July 28, 2013

207

Day Two Hundred and Seven:  When Have You Arrived?

  I think we all focus too much.  That seems kind of silly, but just be.  I have this thing for people, and being around them, and I do love people but sometimes it’s nice to just be.  Take the load off, stop overplanning stop focusing on everything and take a minute and breathe.  Money isn’t everything.  It’s a lot, but it really isn’t everything.  The things these eyes have seen make up for the fact that whenever I get more than a certain amount in my bank account I want to put a downpayment on a trip.  I love the fact that things end, and I love thinking that I was once in love for a brief period of four days and it was intense and beautiful and now it’s ended and now it’s ended.    These eyes have seen more than something you’ve thought of, and I can’t see many faces or things in the first place.  Money isn’t everything but we need it, right?  And casting your vote for a corporation isn’t so bad when it’s beautiful, right?  What about options?  I like having options, but if I have too many places to apply shouldn’t maybe make a choice or two beforehand?  I like choosing when it’s good things, but I make bad decisions sometimes too, and sometimes I’m bossy and sometimes I have high expectations but I think everyone around me thinks that way too.  Oh don’t be serious every moment and dance in the rain sometimes.  Once I was in love for four months and it was intense and beautiful and then it ended.  And then it ended.

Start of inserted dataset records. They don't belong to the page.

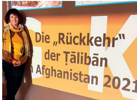
Referentin Dr. G. Krüger

Der Vortrag reichte u. a. von geografischen, geschichtlichen, religiösen, politischen, wirtschaftlichen und kulturellen Informationen bis hin zu den alten und neuen Unterstützern sowie den aktuell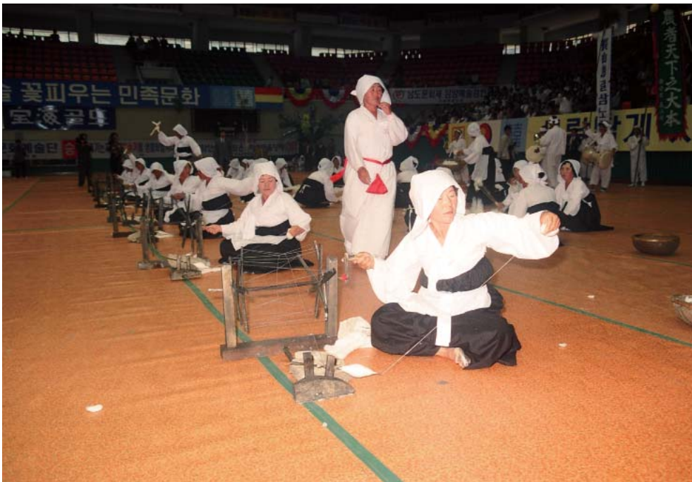
▶ 장산 길쌈노래. 출연진들 시연하는 광경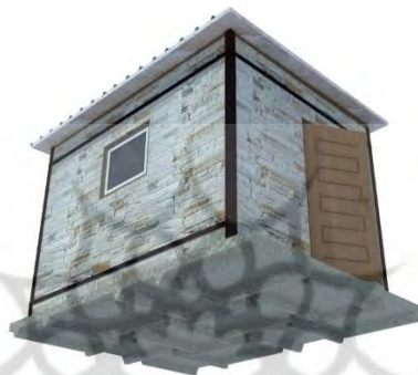
تصویر ۵- اجزای سقف و کف سرپناه

در این نمونه از بلوک‌های بتن گازی ۲۱ (مانند هبلکس) برای ساخت سازه سرپناه استفاده شده است. به دلیل داشتن وزن کم و استفاده از ملات مخصوص آن که به سادگی قابل اجراست، همچنین ویژگی عایق حرارتی و صوتی و قیمت مناسب آن، این بلوک‌ها برای ساخت اسکان انتخاب شد. از صفحات بتن مسلح با ابعاد کوچک برای ساخت کف و پایه‌ها (پی سازه‌ای و کف معماری) بهره برده

I think more things in life should be as brief as soulmates.

Is it obvious that I go back and forth on some things and other times I am so set on my opinions?  I focus on a lot of positive things on here because I think it is important to keep thinking forward, moving, always move forward, because there are always endings, they are inevitable, even if you’re a self starter who knits half a scarf and gives up there’s still an end somewhere, but the thing about it is is to anticipate it to the point where you enjoy the breathing that happens daily, or the smiles that you may or may not see, or the times where you’re singing in a car as loud as you can off key and that’s okay because it’s pat benetar and everyone knows that that’s okay, right?  It doesn’t matter, because it will all end, right?  Don’t focus, let it all be, and thinking about other things is good too.  Read the newspaper, think about someone other than yourself, buy a coffee for a friend, smile, hug lots hug everyone jesus don’t care about those social things just hug.  What is the big deal?

What is the big deal?  Life is serious, but life is beautiful.